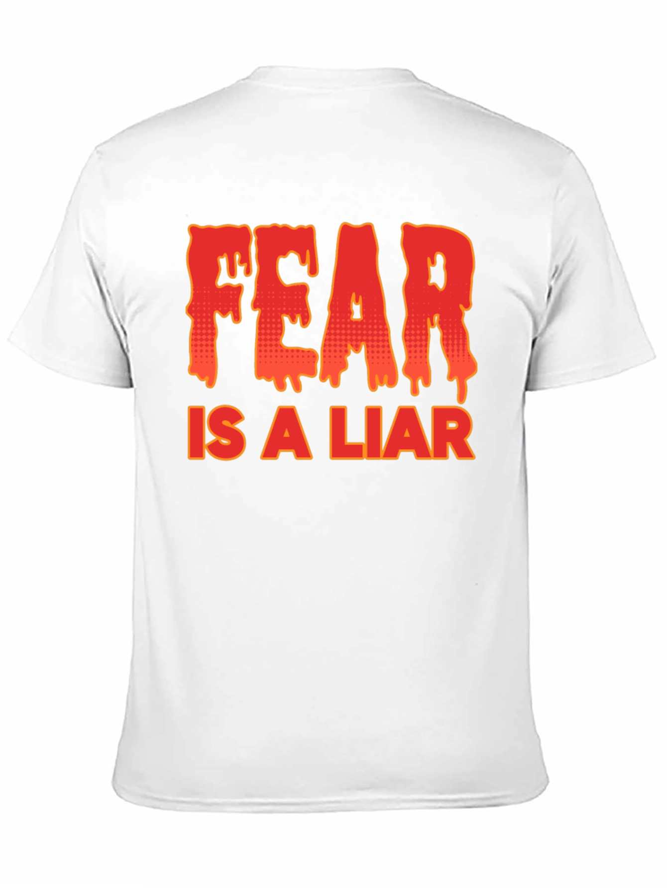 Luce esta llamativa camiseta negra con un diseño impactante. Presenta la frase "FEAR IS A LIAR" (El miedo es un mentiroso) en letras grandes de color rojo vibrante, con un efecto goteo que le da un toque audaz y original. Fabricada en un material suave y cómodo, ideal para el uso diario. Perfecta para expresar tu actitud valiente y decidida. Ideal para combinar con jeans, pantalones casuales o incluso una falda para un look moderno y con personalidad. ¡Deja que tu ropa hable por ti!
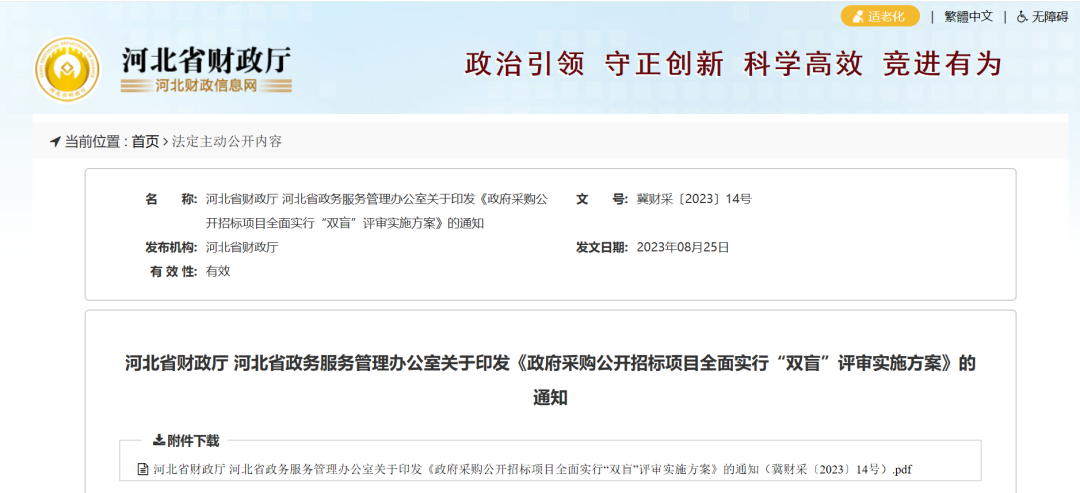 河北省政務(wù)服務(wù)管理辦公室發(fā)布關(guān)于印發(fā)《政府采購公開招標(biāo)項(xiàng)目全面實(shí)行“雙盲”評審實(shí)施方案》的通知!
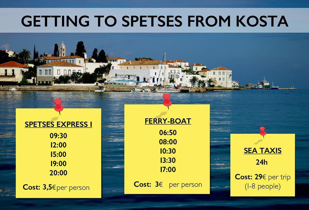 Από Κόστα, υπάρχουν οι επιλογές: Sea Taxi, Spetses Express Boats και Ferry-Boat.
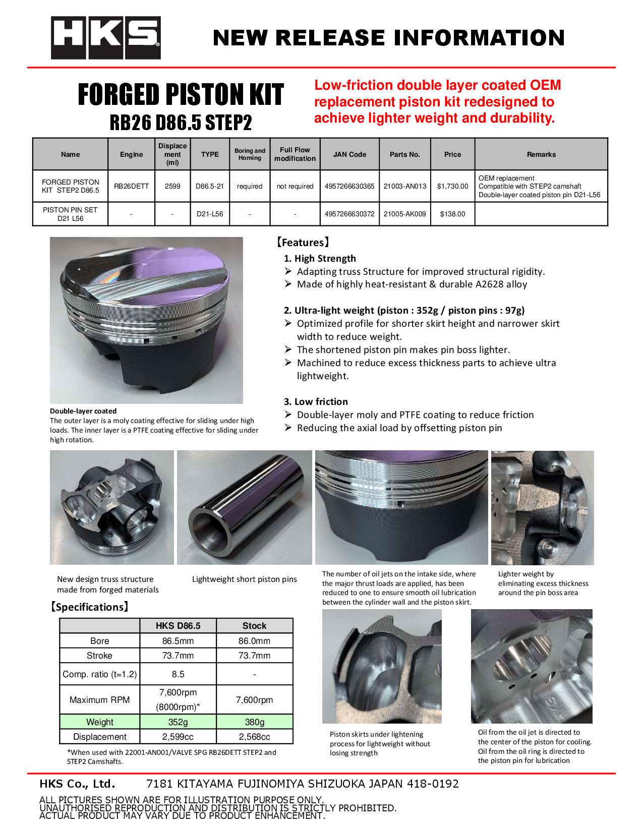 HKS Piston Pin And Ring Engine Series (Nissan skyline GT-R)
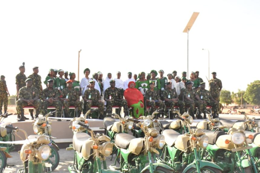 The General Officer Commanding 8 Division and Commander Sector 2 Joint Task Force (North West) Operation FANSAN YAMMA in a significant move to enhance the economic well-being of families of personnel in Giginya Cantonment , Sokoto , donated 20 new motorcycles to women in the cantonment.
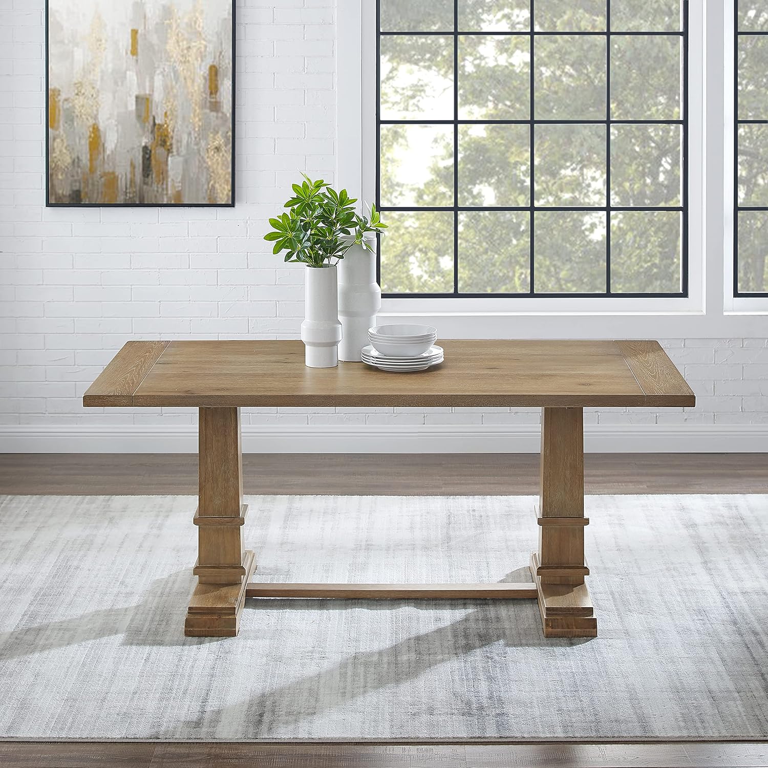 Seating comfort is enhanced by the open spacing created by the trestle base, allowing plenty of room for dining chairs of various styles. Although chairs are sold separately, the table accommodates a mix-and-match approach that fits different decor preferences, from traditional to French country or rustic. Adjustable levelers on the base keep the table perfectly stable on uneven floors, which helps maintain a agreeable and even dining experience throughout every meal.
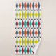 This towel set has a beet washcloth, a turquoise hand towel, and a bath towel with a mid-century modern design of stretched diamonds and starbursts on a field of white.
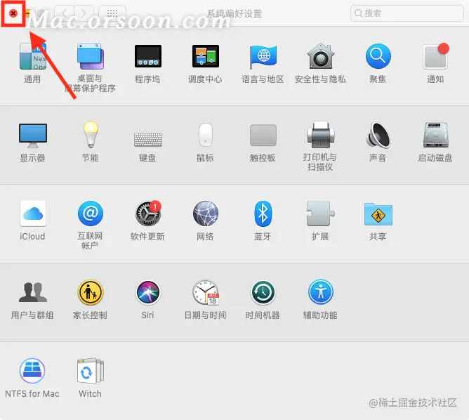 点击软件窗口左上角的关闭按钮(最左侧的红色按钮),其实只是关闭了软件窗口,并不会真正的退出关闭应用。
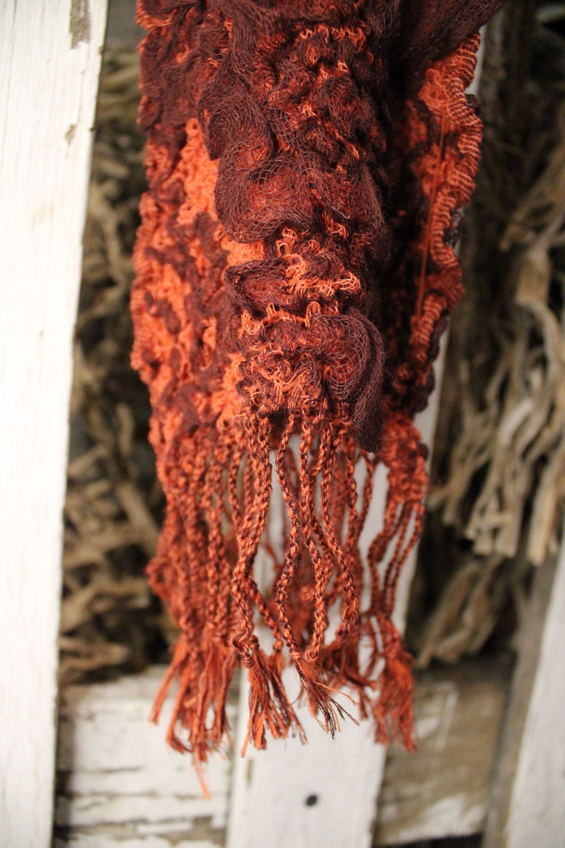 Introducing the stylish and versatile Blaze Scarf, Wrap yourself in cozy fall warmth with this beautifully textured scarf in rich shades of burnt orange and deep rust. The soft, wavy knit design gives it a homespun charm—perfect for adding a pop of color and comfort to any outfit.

==

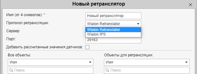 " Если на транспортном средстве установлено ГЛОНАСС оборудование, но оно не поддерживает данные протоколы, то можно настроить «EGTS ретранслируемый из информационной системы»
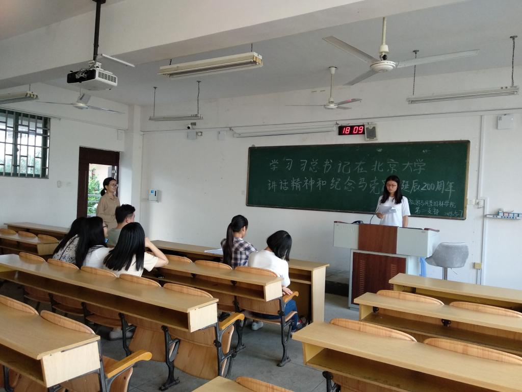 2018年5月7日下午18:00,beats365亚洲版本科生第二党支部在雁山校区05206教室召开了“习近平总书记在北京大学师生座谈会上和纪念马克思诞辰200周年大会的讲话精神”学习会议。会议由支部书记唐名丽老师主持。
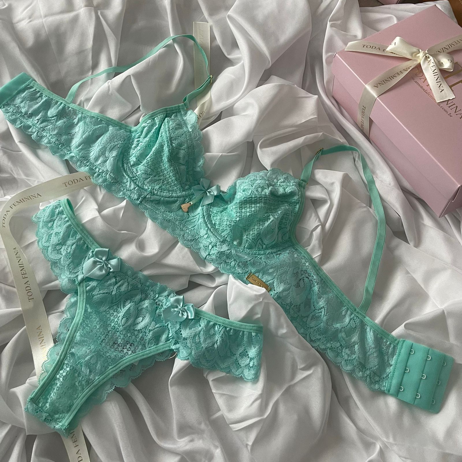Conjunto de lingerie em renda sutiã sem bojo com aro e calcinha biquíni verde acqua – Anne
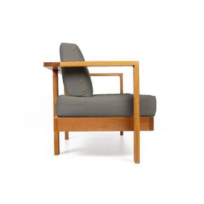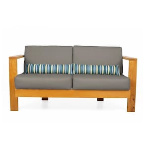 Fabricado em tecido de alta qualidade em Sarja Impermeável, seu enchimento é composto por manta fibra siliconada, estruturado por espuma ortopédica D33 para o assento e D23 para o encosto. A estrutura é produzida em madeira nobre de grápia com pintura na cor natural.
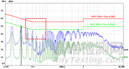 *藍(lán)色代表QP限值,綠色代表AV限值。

Task instructions:
Write down exactly what the lines above say, from the line holding "Luce esta llamativa" through the line holding "HKS Piston Pin", and nothing more. Do not copy the pictures.

Solution for this exercise:
 Luce esta llamativa camiseta negra con un diseño impactante. Presenta la frase "FEAR IS A LIAR" (El miedo es un mentiroso) en letras grandes de color rojo vibrante, con un efecto goteo que le da un toque audaz y original. Fabricada en un material suave y cómodo, ideal para el uso diario. Perfecta para expresar tu actitud valiente y decidida. Ideal para combinar con jeans, pantalones casuales o incluso una falda para un look moderno y con personalidad. ¡Deja que tu ropa hable por ti!
 河北省政務(wù)服務(wù)管理辦公室發(fā)布關(guān)于印發(fā)《政府采購公開招標(biāo)項(xiàng)目全面實(shí)行“雙盲”評審實(shí)施方案》的通知!
 Από Κόστα, υπάρχουν οι επιλογές: Sea Taxi, Spetses Express Boats και Ferry-Boat.
 HKS Piston Pin And Ring Engine Series (Nissan skyline GT-R)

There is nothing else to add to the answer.